2.3 Platform Requirements
Though earlier work on XML fragment retrieval and rendering in real time was done on University servers which I specified and managed, giving me complete control of the hardware and software, the programs that deliver these dictionaries can run on servers which offer only the limited configuration facilities found at the inexpensive end of the commercial hosting market. No privileged access to the machine is needed to install or maintain them. There is, of course, a performance penalty: the whole thing would run faster and handle more simultaneous users without performance deterioration if it could be moved "in process" with the Web server, so that the script handling system did not have to be loaded and initialized for every single request, as happens at the moment.
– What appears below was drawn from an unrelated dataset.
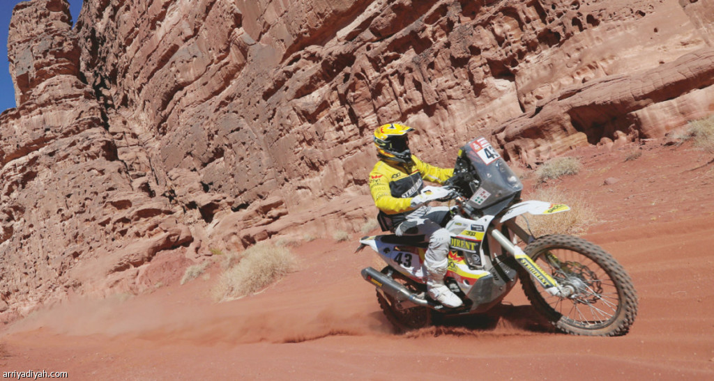صورة التقطت أمس للأمريكي ريكي برابيك منطلقًا بدراجته في سباق المرحلة الثالثة من رالي داكار 2020 في منطقة نيوم (رويترز)

But performance is broadly satisfactory for the present size of the datasets and should cope with their planned expansion. My modified methods mean that other scholars who would like to deploy a version of this system adapted to their particular data have the prospect of getting it to run without excessive dependence on the cooperation or expertise of their local server administrators. One indispensable requirement, for CJK applications at any rate, is the presence of up-to-date system libraries for handling Unicode, and experience suggests that these are more commonly found on commercial sector servers than on campus facilities.
2.4 Moral of this Tale
Charles Muller and I were, within a matter of days, able to pool our knowledge and interests and work together across nine time zones as effectively as if we had been in neighbouring offices. Humanities scholars who still insist that computers are no more than glorified but temperamental typewriters, and campus finance officers who believe only scientists need decent computer hardware or network connections, might like to consider revising their views. Anyone who thinks XML is either just a fad or tomorrow's technology can see its enabling power at work.